27th September 2022

Coronavirus ‘Protected Rent’ – no longer protected

Landlords or tenants who have not yet resolved issues over unpaid rent from COVID lockdown periods should now seek urgent advice

The Commercial Rent (Coronavirus) Act 2022 provided a continuing interim moratorium that provided respite for commercial tenants against landlord’s enforcement procedures being pursuing for unpaid rent that had fallen due during periods when the business tenant had been required to close their business premises during the height of the pandemic by government regulations (‘protected rent’). The intention of the further moratorium was to enable tenants and landlords to agree terms and to enable disputes on whether a tenant should be granted ‘relief’ to be referred to the new arbitration scheme created by the Act. In our experience, that arbitration scheme has seen little use.
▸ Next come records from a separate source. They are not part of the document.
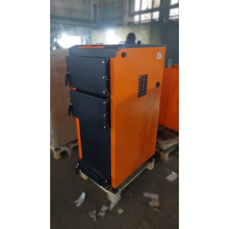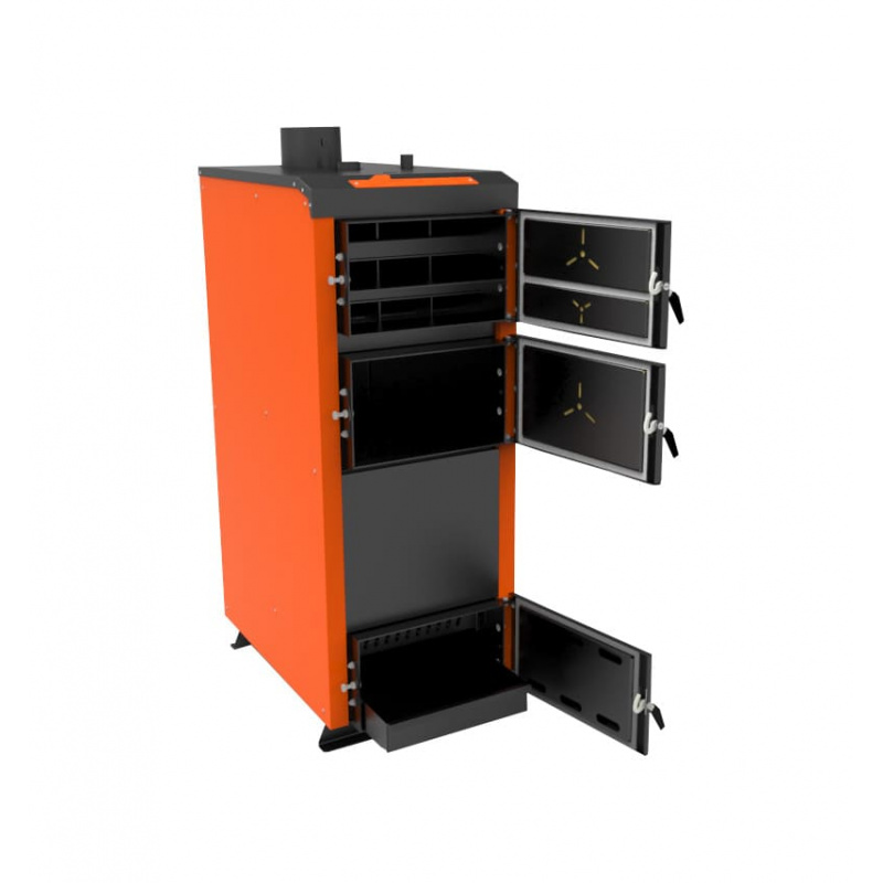 Види палива: дрова, відходи деревини, паливні брикети, вугілля (кам'яне, деревне, буре), вугільні брикети, торф, агробрікети. Тривалість горіння на 1 завантаженні: від 8 до 24 годин (в залежності від теплотворної здатності та вологості використовуваного палива, а також від моделі котла) Сталь: котельна холоднокатана сталь 09Г2С Колосники: водонаповнені (труба ціліснотянута товстостінна товщиною 5 мм) ККД: до 87% Гарантія: 4 рокиМожлива установка: регулятора тяги, електричного тена з блоком управління, електронної автоматики з вентиляторомВ комплект поставки входить: - скидний клапан; - датчик температури; - зольний ящик; - паспорт; - гарантійний талон;
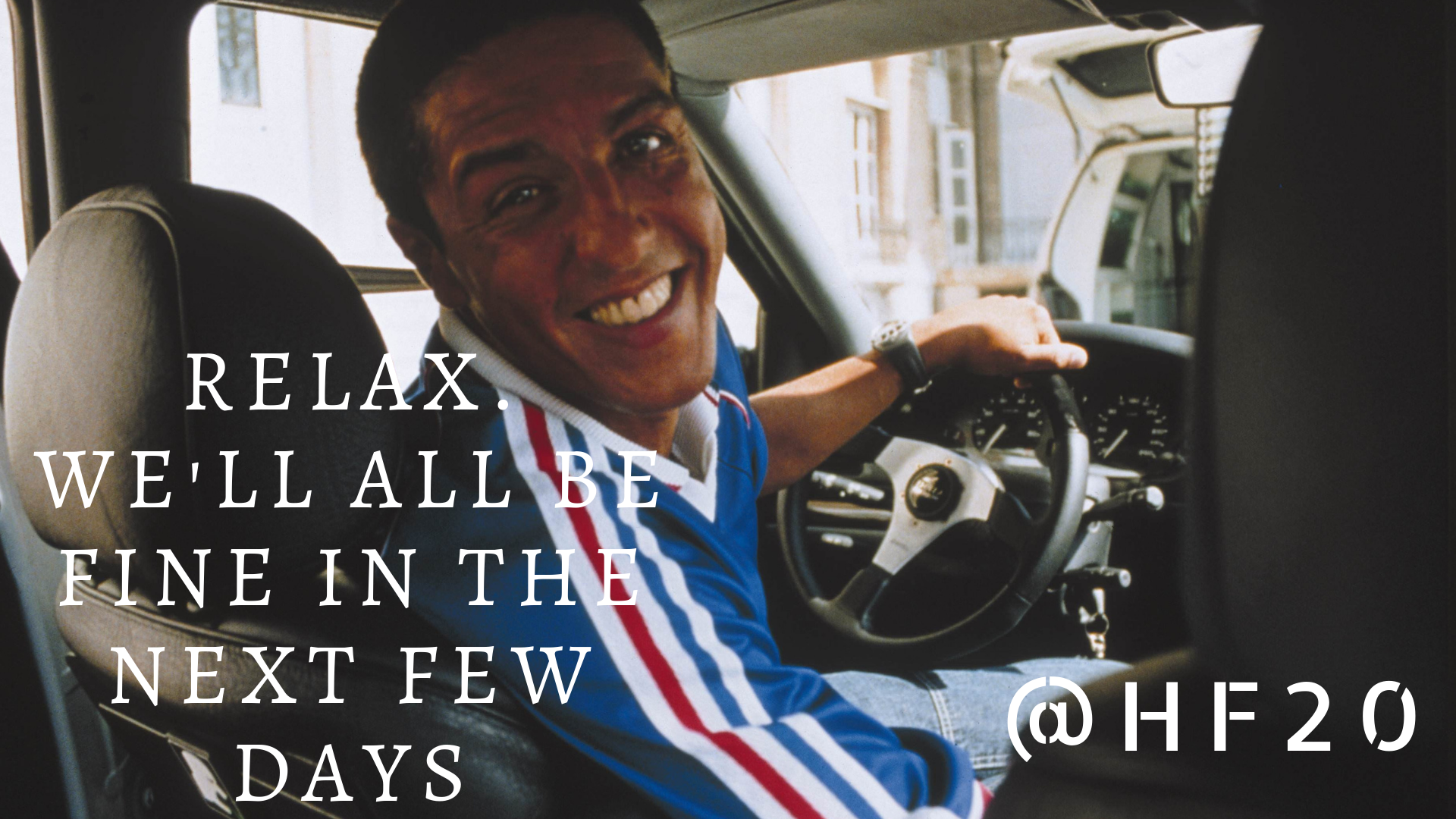 The thing is nobody joked about the trunk of the car in front being opened and how that could relate that strange smile :P
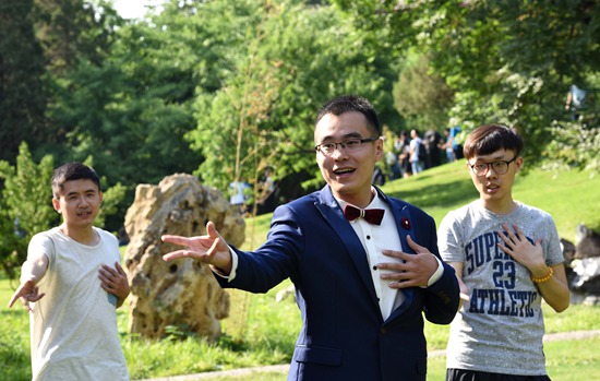 清华大学两名博士生在清华园“情人坡”上演了一场浪漫的求婚。很多同学现场助阵。视觉中国供图 (资料图片)

Most tenants and landlords have engaged with each other to seek to agree terms; but some have not or have not yet reached agreement.

That moratorium lasted for 6 months from 24 March 2022 and has now ended (except where there is a pending arbitration).

The moratorium had temporarily prevented landlords from using the following remedies when they were seeking to recover only ‘protected rent’.

  • Forfeiture
  • CRAR
  • Service of Section 81 notices un sub-tenants
  • Statutory demands
  • Winding Up Petitions
  • Appointment of administrators over the tenant
  • Bankruptcy Petitions
  • Debt claims
  • Using rent deposits and requiring them to be replenished
  • Demands on guarantors

Those remedies are now fully available to landlords again and tenants who have not paid that rent or agreed clear terms for doing so, should now seek advice urgently.